Updated 28th June, 2014
Protestors at the site of the proposed coal mine. |
Three ministers were among four people arrested at a protest aimed at stalling the development of a new open-cut coal mine in northern New South Wales yesterday.
A group of protestors, who included clergy and lay people from the Uniting, Catholic, Anglican and Brethren Churches, prayed on the site in the Leard State Forest with some locking themselves to a cross. They claim to have stopped mining equipment from entering the site for five hours.
One of the arrested ministers, Rev John Brentnall of the Uniting Church in Liverpool Plains, said in a statement that reducing our carbon footprint in Australia won’t mean much if coal is "causing many times more emissions overseas than what we’re saving at home".
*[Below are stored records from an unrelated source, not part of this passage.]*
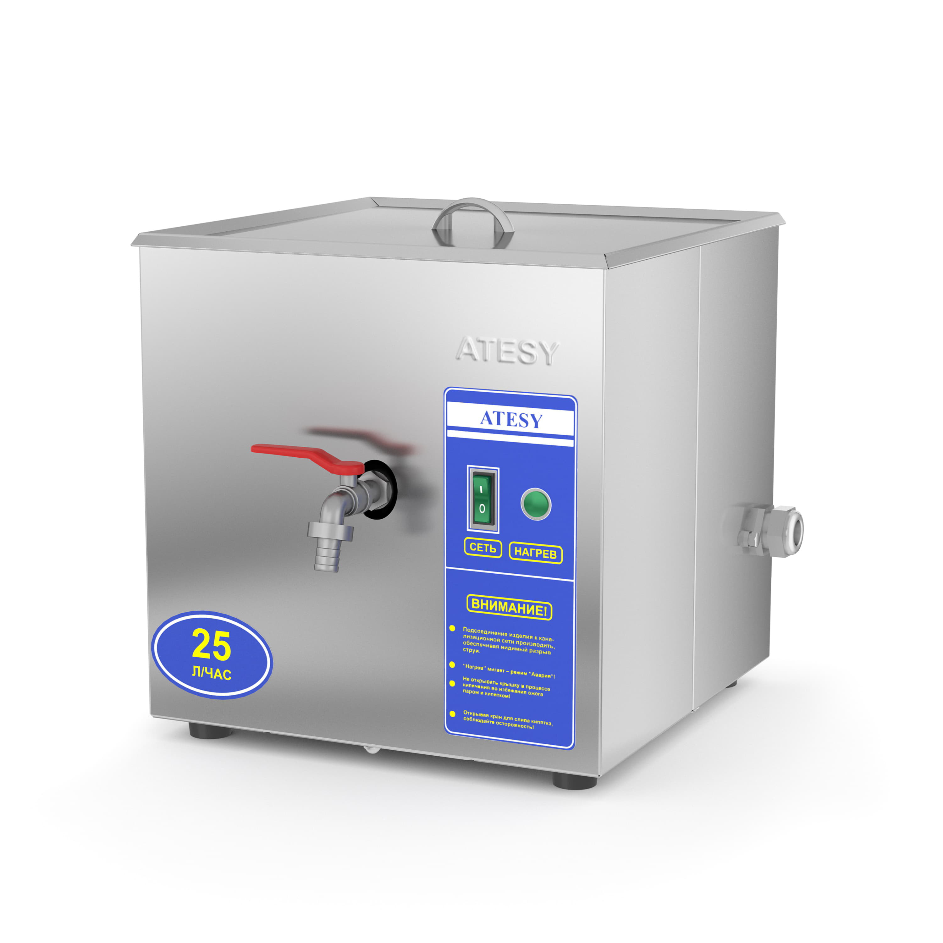 Подготавливает и раздает кипяток гарантированной температуры 98°С. Исключает возможность смешивания сырой воды с раздаваемым кипятком. Специальная конструкция крышки не позволяет конденсату стекать на корпус кипятильника. Обеспечивает 25 литров кипятка в час. Корпус кипятильника изготовлен из нержавеющей стали AISI430.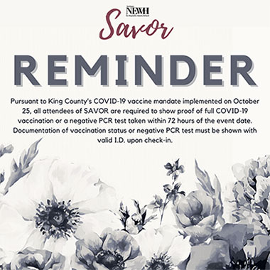 Pursuant to King County’s COVID-19 vaccine mandate implemented on October 25, all attendees of SAVOR are required to show proof of full COVID-19 vaccination or a negative PCR test taken within 72 hours of the event date. Documentation of vaccination status or negative PCR test must be shown with valid I.D. upon check-in.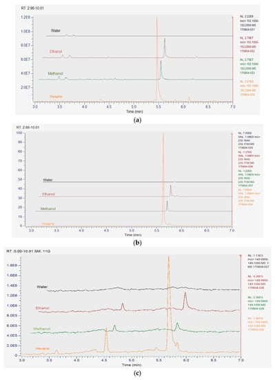 Chromatogram of major compounds extracted from Australian native herbs in different solvents. Citral in lemon myrtle extracts (a); polygodial in Tasmanian pepper leaf extracts (b) and anethole in anise myrtle extracts (c).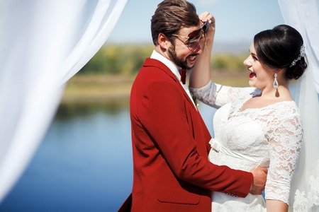 Bride and groom fooling around at a photo shoot after the ceremony, inside the arch with white cloths fabric. Wedding Color Marsala. Man in sunglasses surprised girl takes off his glasses. Summer sun.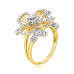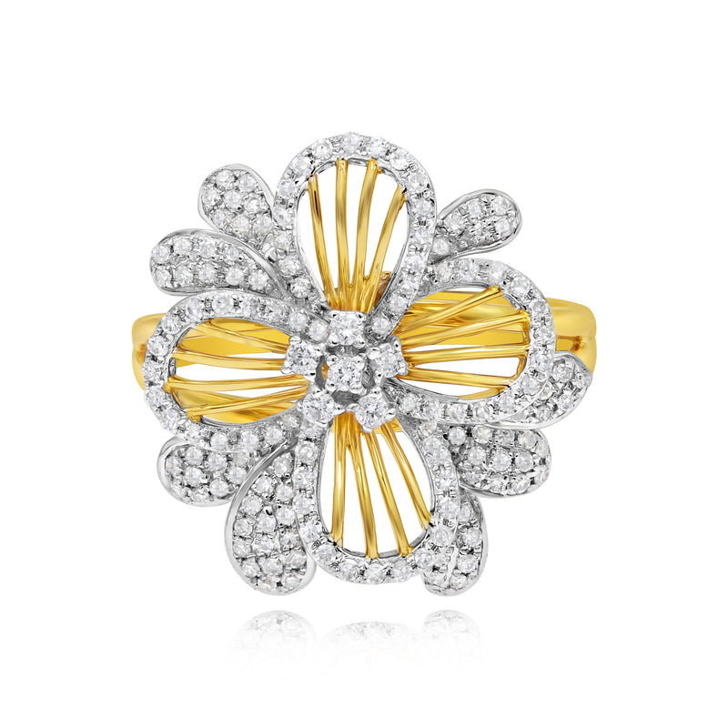 0.51 ct. Diamond 14K Two Tone Gold Clematis Flower Split Shank Ring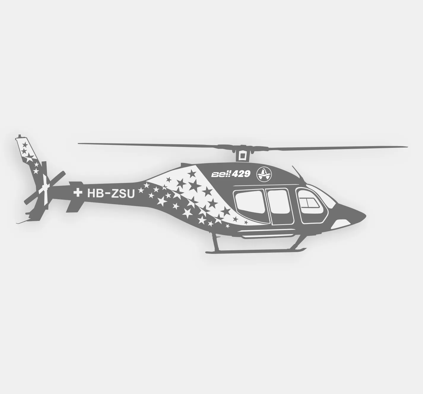 Der einfarbige Bell429 Helikopter Sticker in den Dimensionen 43 x 13cm besteht aus einer widerstandsfähigen Folie mit Schutzschicht wodurch die Farben tadellos bleiben. Der Aufkleber scheut weder Regen noch Kälte und hat eine lange Lebensdauer, wenn er auf einer sauberen und trockenen Oberfläche aufgebracht wurde.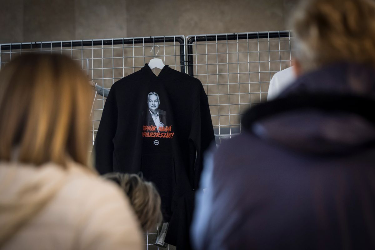 Győrben, az első Háborúellenes gyűlésen percek alatt elkapkodták az Orbán-firkás és az Orbán Pride-os pulóvereket és pólókat. Szabó Zsófi egy Orbán-rajzos pulóverben vezette a műsort Győrben, neki még jutott, ám sokan már hiába álltak sorba.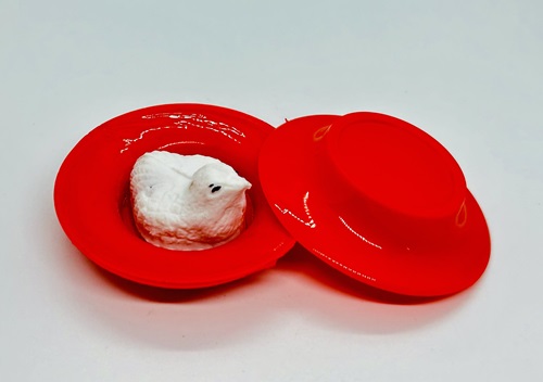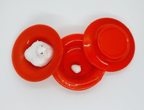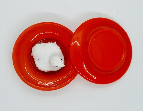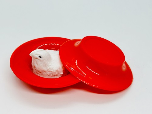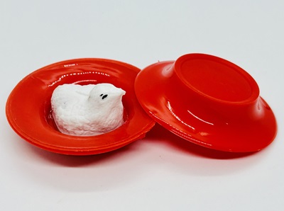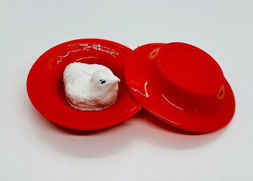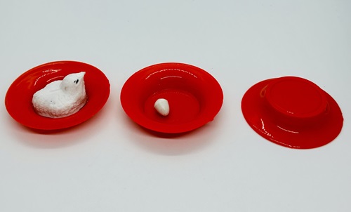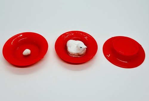 PLASTIC SMALL EGG TURNS INTO PLASTIC HEN MAGICALLY. MAGICIAN SHOWS 2 EMPTY PLASTIC PLATES. THEN A SMALL PLASTIC EGG HE APPEAR OR ADD INSIDE THAT PLATES. THEN WHEN HE OPEN THE PLATE. THE EGG TURNS INTO A PLASTIC HEN.
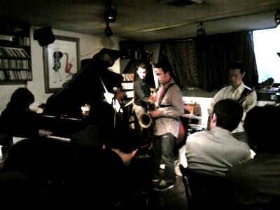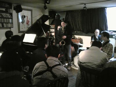 20時過ぎに店へ。階段を下りていくと、店のドア外の階段のあたりに4、5人ほど楽器を持った若者が座っていました。既に満員のようです。店内へ入るとマスターや店長の井上さんがカウンターの中にいて挨拶。ジャズ研大先輩でイントロセッションの常連の村山先生が演奏中でした。

"It’s the poor who suffer the most, through unpredictable weather, extreme weather-related events and rising sea levels," he said. "The rich are benefitting at the expense of the poor. This is an issue of social justice."
The Australian Religious Response to Climate Change (ARRCC) said Whitehaven Coal’s planned mine at Maules Creek is being made possible using finance from the ANZ Bank and is calling on "religious people" who hold accounts with the bank to write to it and request they stop investing in the project.
More than 200 people have reportedly been arrested protesting the coal mine development.